** Opening SUPPLIED DATA block **

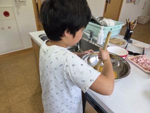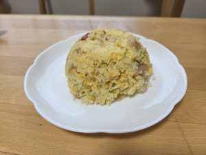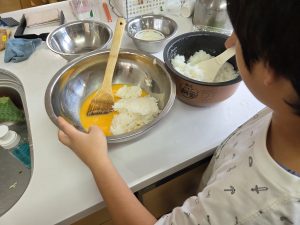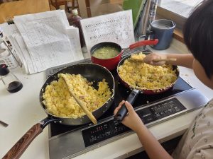 今日の昼ごはんはチャーハンです。子どもが手伝いたいというので、食材を切る以外の調理をお願いしてみました。
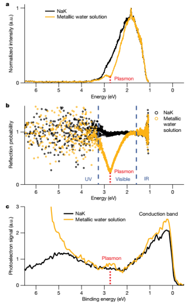 研究表明,将NaK液滴暴露在大约10-4 mbar的水蒸气压力下,几乎可以立即形成一层金色的金属水溶液。金色不能归因于干涉效应,因为当该层比相应的400-600纳米波长区域薄一个数量级以上时,就会出现金色。此外,作者没有观察到任何红到蓝的颜色偏移,这是在来自厚度接近可见光谱蓝色边缘波长的层的干涉的情况下所预期的。实验证实具有特征光泽的金色是水表面层的金属特征的标志。
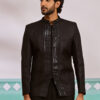 This men’s jodhpuri jacket modern elegance with a bold and artistic touch.The standout feature is the intricately embroidered jodhpuri jacket, showcasing a mesmerizing nature-inspired design with delicate trees, florals, and peacocks in earthy tones. The mandarin collar and minimal button detailing enhance its refined aesthetic. Styled with classic black woven-texture loafers, this ensemble is perfect for eid ,weddings, festive occasions, and evening events, blending tradition with contemporary fashion effortlessly.
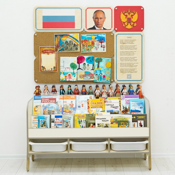 Уголок по патриотическому воспитанию для группы детского сада. Содержит основную символику РФ, панели для размещения работ воспитанников, книги по истории России, ВОВ, русские народные сказки и песни, книги на тему семьи и семейных ценностей, раскраски с тематическими иллюстрациями, настольные игры на тему патриотического воспитания. Соответствует требованиям ФГОС 3.
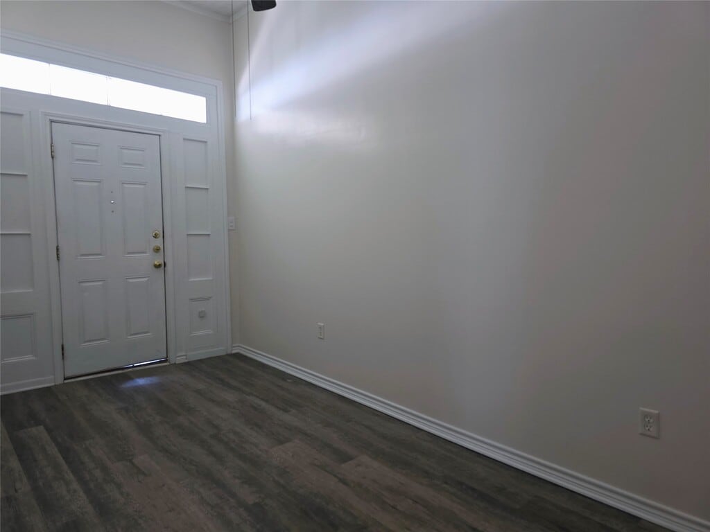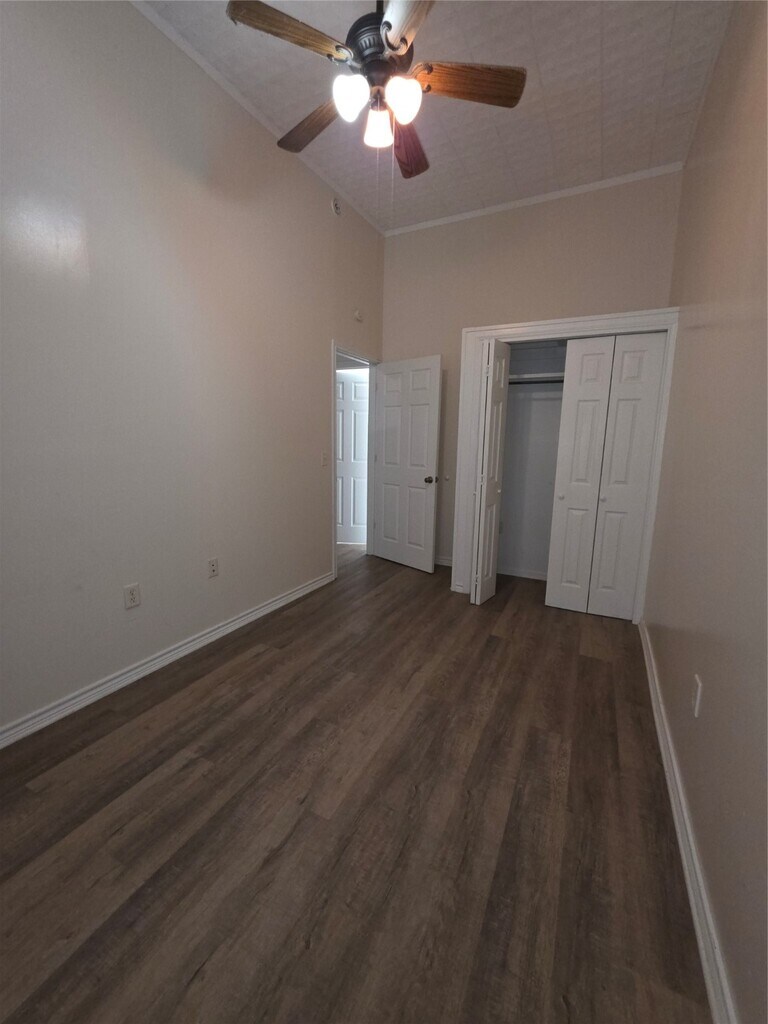 Charming efficiency apartment in a recently renovated duplex on a spacious corner lot. Features a family room and one large bedroom with high ceilings and ceiling fans. Eat-in kitchen with combo washer/dryer. Smaller room could be used as an office or extra bedroom. Laminated plank flooring throughout. MLS# 97374667

** Closing SUPPLIED DATA block **

**TASK DESCRIPTION:** Exclude the pictures and transcribe all of the entries exactly.

**SOLUTION TO THE PROBLEM:**
 今日の昼ごはんはチャーハンです。子どもが手伝いたいというので、食材を切る以外の調理をお願いしてみました。
 研究表明,将NaK液滴暴露在大约10-4 mbar的水蒸气压力下,几乎可以立即形成一层金色的金属水溶液。金色不能归因于干涉效应,因为当该层比相应的400-600纳米波长区域薄一个数量级以上时,就会出现金色。此外,作者没有观察到任何红到蓝的颜色偏移,这是在来自厚度接近可见光谱蓝色边缘波长的层的干涉的情况下所预期的。实验证实具有特征光泽的金色是水表面层的金属特征的标志。
 This men’s jodhpuri jacket modern elegance with a bold and artistic touch.The standout feature is the intricately embroidered jodhpuri jacket, showcasing a mesmerizing nature-inspired design with delicate trees, florals, and peacocks in earthy tones. The mandarin collar and minimal button detailing enhance its refined aesthetic. Styled with classic black woven-texture loafers, this ensemble is perfect for eid ,weddings, festive occasions, and evening events, blending tradition with contemporary fashion effortlessly.
 Уголок по патриотическому воспитанию для группы детского сада. Содержит основную символику РФ, панели для размещения работ воспитанников, книги по истории России, ВОВ, русские народные сказки и песни, книги на тему семьи и семейных ценностей, раскраски с тематическими иллюстрациями, настольные игры на тему патриотического воспитания. Соответствует требованиям ФГОС 3.
 Charming efficiency apartment in a recently renovated duplex on a spacious corner lot. Features a family room and one large bedroom with high ceilings and ceiling fans. Eat-in kitchen with combo washer/dryer. Smaller room could be used as an office or extra bedroom. Laminated plank flooring throughout. MLS# 97374667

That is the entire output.